A falta de articulação entre órgãos de segurança, Justiça e assistência social enfraquece a prevenção de feminicídios no Brasil. Segundo especialistas que participaram do 20º Encontro do Fórum Brasileiro de Segurança Pública, a dispersão de dados impede o poder público de identificar a escalada de agressões e de evitar assassinatos anunciados.
De acordo com a promotora Silvia Chakian, do Ministério Público de São Paulo (MP-SP), as instituições precisam operar em modelo similar ao combate ao crime organizado. Ela aponta que cada entidade enxerga apenas uma parte do problema, criando ilhas de informação que inviabilizam a proteção integral da mulher.
A visão é compartilhada pelo delegado Julio Guebert, professor da Academia de Polícia Civil de São Paulo. Ele defende a interligação de delegacias, defensorias, saúde e educação para que o acolhimento das vítimas funcione como uma rede única e eficiente.
Omissão estatal e carência de rede especializada
Indicadores do Fórum Brasileiro de Segurança Pública (FBSP) revelam que 72,9% dos municípios com menos de 100 mil habitantes não têm serviços especializados para mulheres. Essa carência estrutural agrava o risco de morte nas cidades menores, onde o acesso ao socorro é praticamente inexistente.
A titular da 1ª Delegacia de Defesa da Mulher (DDM), Cristine Costa, destaca ferramentas como o boletim de ocorrência eletrônico e a solicitação digital de medidas protetivas em São Paulo. Contudo, ela ressalta a importância da qualificação dos policiais para acolher relatos de injúria e ameaça sem julgamentos prévios.
Discurso misógino e crescimento da violência extrema
Silvia Chakian alerta também para a brutalidade crescente nos crimes, impulsionada pela disseminação de ódio nas redes sociais. Esse ambiente atinge jovens vulneráveis, gerando discursos misóginos que servem de justificativa para violências futuras.
Para a promotora, frear a violência letal exige superar as profundas desigualdades de gênero. A transformação passa por garantir direitos humanos básicos, moradia, renda digna, saúde e educação de qualidade para a população feminina.

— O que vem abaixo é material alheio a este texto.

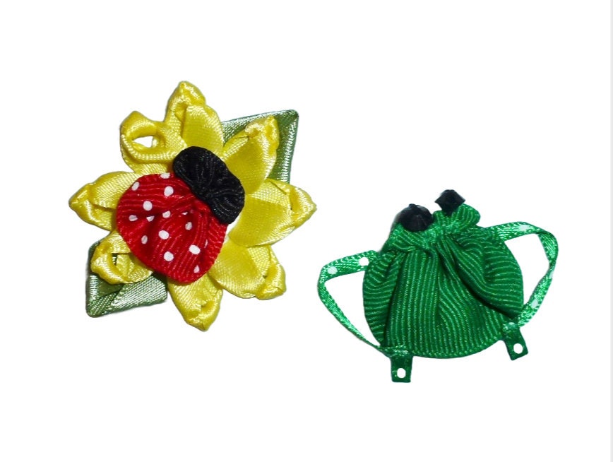 Puppy Dog Bows ladybug daisy flower frog ribbon sculpture pet hair show bow barrettes or bands (FB188e)

Subnotificação e descumprimento de medidas protetivas
Em 2025, os registros de feminicídio subiram 4,7%, contrastando com a queda geral dos homicídios dolosos. A promotora Juliana Tocunduva aponta barreiras como medo de represálias, dependência financeira e descrença na polícia como fatores que geram alta subnotificação.
Embora mais de 621 mil medidas protetivas tenham sido concedidas no mesmo ano, houve 135 mil registros de descumprimento. A insuficiência de fiscalização e o déficit estrutural nos municípios menores mantêm gargalos graves que favorecem o desfecho fatal da violência doméstica.